Perhaps on the back of criticism of the existing levy, Truss has recently vowed to allocate a greater portion of healthcare spending to the social care sector. Explaining her intentions, Truss stated that ‘our councils are struggling and many people are trapped in beds in the [NHS] because there isn’t the social care available’. Whilst this prioritisation of social care will undoubtedly be seen as a victory by many, the question remains how she intends to finance such plans in the absence of a Social Care levy. Furthermore, Truss’ characterisation of social care as solely a means to relieve hospital pressures is likely to stoke further concerns that her strategy is only geared at short-term intervention.

Truss has also committed to ‘stripping away layers of management’ in the NHS, and recommitting to Johnson’s controversial ‘40 new hospitals’ pledge – which is under scrutiny from the National Audit Office for questions about its accuracy. Beyond this, however, Truss’ plans for the health and care sector are otherwise unclear.

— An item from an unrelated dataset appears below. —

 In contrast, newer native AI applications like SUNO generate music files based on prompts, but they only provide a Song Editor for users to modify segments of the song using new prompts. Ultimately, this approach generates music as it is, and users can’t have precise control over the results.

It looks like they will remain that way too, as she has declared that she will “stop short of announcing long-term NHS reform until she has got her feet under the desk”. Her short-lived pledge to cut the pay of public sector workers, including nurses, to save £8.8bn is hopefully not an indication of her approach to a health and care sector with a critical workforce recruitment and retention issue during a cost of living crisis.

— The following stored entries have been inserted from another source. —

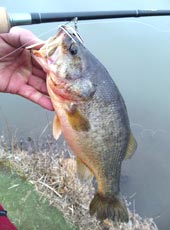 を狙い撃つ!!まずは手堅く1本捕っとこうってコトでチビバスポンドでtomuオススメのリグでの1投目!リグを沈め、ボトムを取って(たぶん(^^))厳冬期を思わせるフィネスゲームを思いだすような軽いシェイキングを入れながらのリフトフォール…ズン!!食った〜!!チビ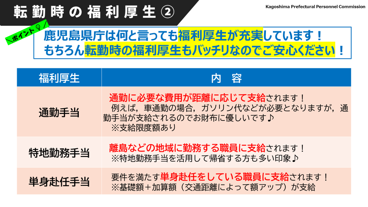 転勤時に利用できる各種制度等を説明しました。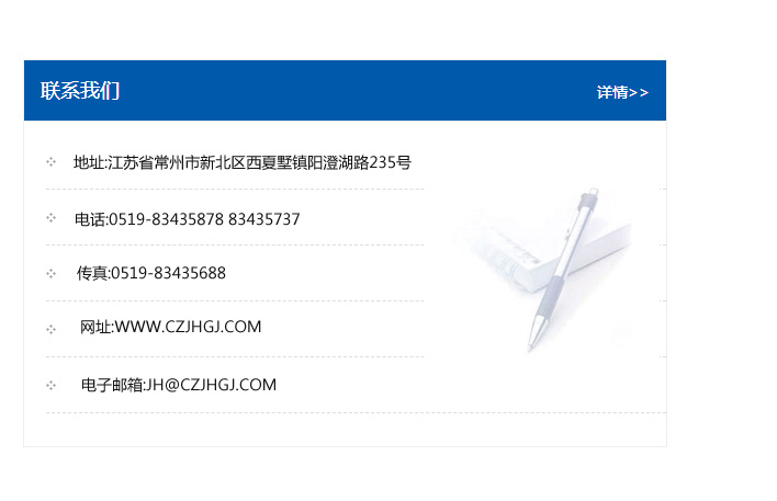 傳真:0519-83435688    郵編:213135    網址:WWW.czjhgj_com.haibotongxun.com    電子郵箱:JH@czjhgj_com.haibotongxun.com
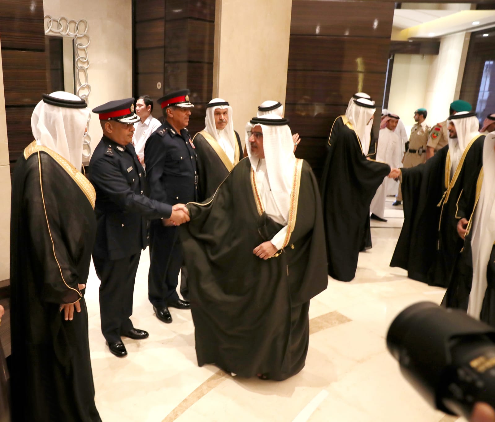 His Royal Highness Prince Salman bin Hamad Al Khalifa, Crown Prince, Deputy Supreme Commander and First Deputy Prime Minister today held an iftar banquet for senior officers and officials from the Ministry of Interior (MOI) at the Public Security Officers’ Club. HRH the Crown Prince was welcomed to the iftar banquet by the Minister of Interior, His Excellency Lieutenant General Shaikh Rashid Bin Abdullah Al-Khalifa.

Truss has also championed localised decision making, describing herself as a ‘great supporter of devolution’ in 2019. Although these comments were not made in the context of healthcare reform, this sentiment provides perhaps the best indication yet of Truss’ proposed management of health and care services. Such sentiment is certainly in keeping with the evolution of Integrated Care Systems, which were introduced in in April as part of the Government’s reforms. Truss and Sunak’s broad pledge to Local Councillors that they will receive more money for Adult Social Care services will be welcomed against the backdrop of historic cuts to services and increasing demand for care. Once again however, outstanding details are yet to give an indication of how much these promised resources get to grips with the scale of the problems facing local communities and care providers.

NHS leaders have called for both candidates to level with the public, and to offer ‘concrete proposals and realism’ to fully address the scale of the health and care crisis. At a time when three-quarters of care workers are paid less than the real living wage and patients face ‘catastrophic’ care costs, neither the status quo nor further cuts will resolve the health and social care crises. Instead, a sustainable strategy is required to reverse these entrenched issues. Thus far, the lack of commitment to practical measures to solve the workforce crisis and improve both the access to, and quality of, care services has not indicated significant movement in this direction. Although the new Prime Minister remains undecided for now, it is certain that the future leader must commit to radical action to improve health services and to deliver on Johnson’s pledge to ‘fix the crisis in social care once and for all’.